Intervistato dai colleghi de La Gazzetta dello Sport, Tony D’Amico, oggi direttore sportivo dell’Atalanta, ha parlato anche della propria esperienza Verona.
Queste, quindi, le principali dichiarazioni dell’ex dirigente gialloblù:
«Quando Fusco diede le dimissioni al Verona, volevo dimettermi anch’io, ma lui mi disse di restare. Setti, dopo aver apprezzato un paio di cessioni, l’estate successiva mi propose quindi di assumere il ruolo di direttore sportivo dell’Hellas. Fu una sensazione pazzesca.

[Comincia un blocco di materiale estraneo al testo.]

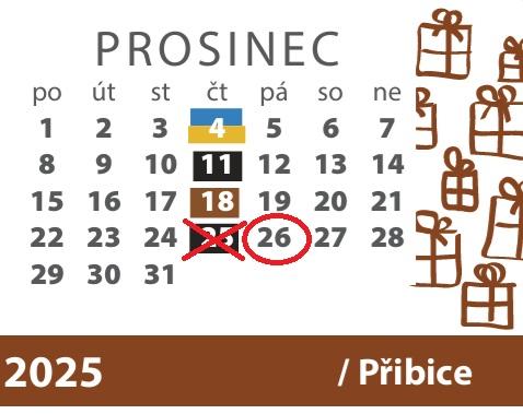 Původně plánovaný termín svozu uvedený v kalendáři svozu na čtvrtek 25.12.2025 se z provozních důvodů přesouvá na pátek 26.12.2025.

Magari in gialloblù a volte sono stato troppo istintivo, ma mi è servito a disciplinarmi.
Mi ricordo di me e Margiotta chiusi in una stanza di un hotel a Milano, da mezzogiorno all’una di notte per strappare Dawidowicz al Palermo. Vietammo ai suoi agenti di usare i telefoni e non mangiammo. Preso il giocatore poi ripartimmo, ma bucammo in tangenziale e rimanemmo bloccati fino alle 4 del mattino…
Il rimpianto? Scamacca. Probabilmente non spinsi abbastanza per prenderlo dal Sassuolo».



1 promozione e 3 serie A da 10 posto. Il resto sono chiacchere
Il polacco potevi lasciarlo a loro…
A Verona ha fatto benissimo, non dire stupidaggini.
D’Amico n1
L’avrebbero venduto a gennaio
“Setti apprezza un paio di cessioni”😂😂😂😂 gli acquisti no ma le cessioni assolutamente si😂 della serie: “questo vende bene, meglio tenerselo stretto!”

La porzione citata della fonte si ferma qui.